No, I think when we certainly in Oman, the things we’re looking at Oman has analogs, so I wouldn’t call it anything frontier. I don’t think anything that we’re looking at in the Middle East region will be called frontier at all. It’s – it’d be analog, it would be as we’ve typically held to proven petroleum systems, we don’t want to have to be the ones who go out and prove up the petroleum system that’s a bit too much work for us, not the risk profile we would look.

But I will just say this, our business development pipeline is rich. We haven’t made commitments. We don’t want to make commitments at this point, because we want to see how this thing plays out and we want to keep all of our options open. We want to remain open to the full range of outcomes and use the proceeds of the sale if that – if in fact the sale closes. So no commitments at this time and I really can’t say a whole lot more about the BD pipeline than I have said.

John Malone – Global Hunter Securities

Okay. I’ll sit back. Thanks James.

James Edmiston

Thanks, John.


And we will go next to Jason Wangler with Wunderlich Securities.

Jason Wangler – Wunderlich Securities

Good morning, Jim. Question again in Gabon, just the timing of the exploration well, about how long do you think that one is going to take?

James Edmiston

I think dry hole is probably 30 to 40 days and when I say that’s just how long it will take to drill through the Dentale. On the assumption that we find and what we are expecting to find will be some testing and some sidetracking’s on the outside.

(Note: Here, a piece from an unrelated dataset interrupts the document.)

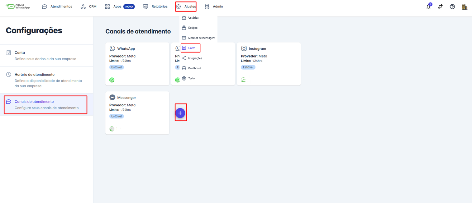 Acesse a plataforma, clique em "Ajustes", depois em "Conta" e, na aba "Canais de Atendimento", selecione o botão "+" para iniciar uma nova conexão com o WhatsApp via Cloud API.

You are talking 30 to 40 days on the outside, you’re probably talking 60 to 70 days in the success case.

Jason Wangler – Wunderlich Securities

Okay. And like you said and if you expect, if you see what you expect, what’s – is it just a one well contract with the rig or could you keep that one potentially to look at maybe going into the development mode later on, because I guess the timing could work out well if the Venezuela sale go through and would that kind of be maybe the timing that we would work out or which maybe you didn’t push it later in the year?

James Edmiston

We’ve got a one well slot and that’s in our schedule. We – as we talked about before, we’ve done most of the development planning. So where you would move from this stage is to actually start the development approval process, both with our board and in country and the development is most likely an FPSO type development with subsea completion. So the drilling of those wells wouldn’t occur until probably second half of next year the earliest. So it’s a one well commitment at this point. Again we’re very comfortable with the risk on this, we’re even more comfortable even though if there is three distinct targets and also that the reserve size that we need in terms of this prospect is actually quite low to make the development go.

Jason Wangler – Wunderlich Securities

Perfect, I appreciate it.

James Edmiston

You bet.


(Operator Instructions) I’m sorry for the delay. That does conclude today’s question-and-answer session. Mr. Edmiston, I will turn the call back to you for any additional or closing remarks.

James Edmiston

Well, thank you. And once again I invite you guys to join us whether in person or webcast next Monday you will see if there is more detail on Gabon which is something we’re very, very excited about.

And I’m absolutely sure you will continue following the progress of the transaction that we previously announced. Don’t believe everything you hear. I think the press releases and the communication directly from the principles via Pertamina, PDVSA, ourselves have been clear. The progress is on – is moving forward to the processes ongoing. I think the fact that the counterparty in this case is a very large state oil company and on the other side you have a state-owned oil company. I think I couldn’t think of a better situation in terms of the seriousness of the actors involved.

So we remain very hopeful. It’s obviously transformative to Harvest Natural Resources. So state tuned and if anything comes up, we will certainly announce it.

And again I hope to see you whether via webcast or in person next Monday. Thank you.


Ladies and gentlemen that does conclude today’s conference call. Thank you for your participation.